Proper Gander: Cheapness At a Price
SUPERMARKET CHAIN Aldi opened its first British store as long ago as 1990, but it took the recent economic downturn for it to grow into the booming profit-factory we know today. Like Poundland and Primark, Aldi found its strength in an economic climate where we’ve got less disposable income, and have turned to the shops which are flogging things at the lowest prices. Aldi now has 600 stores in Britain, with plans to double this number in the next five years. Meanwhile, comparatively upmarket Tesco, Sainsbury’s and Morrisons are closing branches and shelving plans to open more.

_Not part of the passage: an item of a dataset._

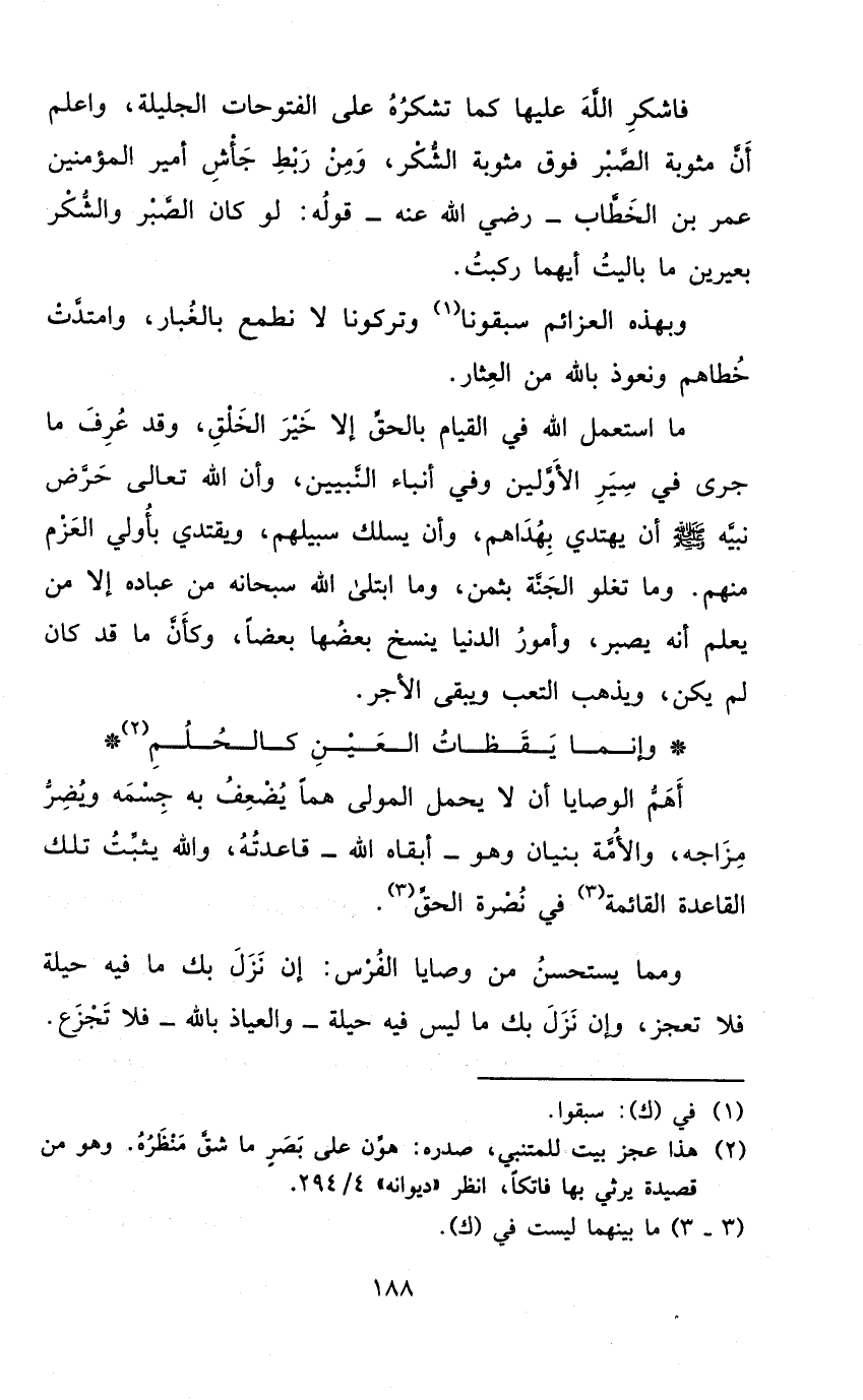 فاشكر الله عَلَيْهَا كَمَا تشكره على الفتوحات الجليلة وَاعْلَم أَن مثوبة الصَّبْر فَوق مثوبة الشُّكْر وَمن ربط جأش أَمِير الْمُؤمنِينَ عمر بن الْخطاب رَضِي الله عَنهُ قَوْله لَو كَانَ الصَّبْر وَالشُّكْر بَعِيرَيْنِ مَا باليت أَيهمَا ركبت

Suspicious of how this growth has been achieved, Channel 4’s documentary strand Dispatches went undercover in Aldi’s Supermarket Secrets. Two reporters wearing hidden cameras get jobs as new recruits to Aldi’s army, hoping to find out about its ‘dynamic business model’.
Despite the show’s title promising secrets, Aldi’s strategy is familiar. Punters are drawn in by cheap prices, which are possible through strict cost cutting elsewhere in the business. Obviously, it’s Aldi’s workforce which has to deal with the pressures to increase efficiency and productivity. The employee handbook lists their various time targets, such as scanning 1,200 items through the till each hour, or one every three seconds. A training video tells staff that ‘you dictate the speed of the transaction, not the customer’.
The pace that shelves are stacked is also set by targets, which employees try to meet by chucking loaves of bread into place and climbing on shelves because it’s quicker
than fetching a ladder. The speed that workers have to work means that corners are cut and health and safety policies aren’t followed. Three quarters of Aldi’s staff said they had health and safety concerns in a union survey.
Workplace targets tend to be unrealistic in any business, as they are set by managers without enough experience or empathy with how things are on the ground. The higher up in an organisation someone is, the further they are removed from the practicalities they make decisions about. What senior managers can see clearer is the drive to make money.
Even though Aldi says that from 2016 it will pay better wages than any other retailer, staff have been expected to be at work fifteen minutes before their shift starts, which over a year translates as a week of unpaid labour. This is illegal, although, of course, it’s considered acceptable for workers not to be paid back the wealth they create which is creamed off as profits. Aldi’s owners recently enjoyed profits of £260.3million in the UK, but this comes at a cost to its staff.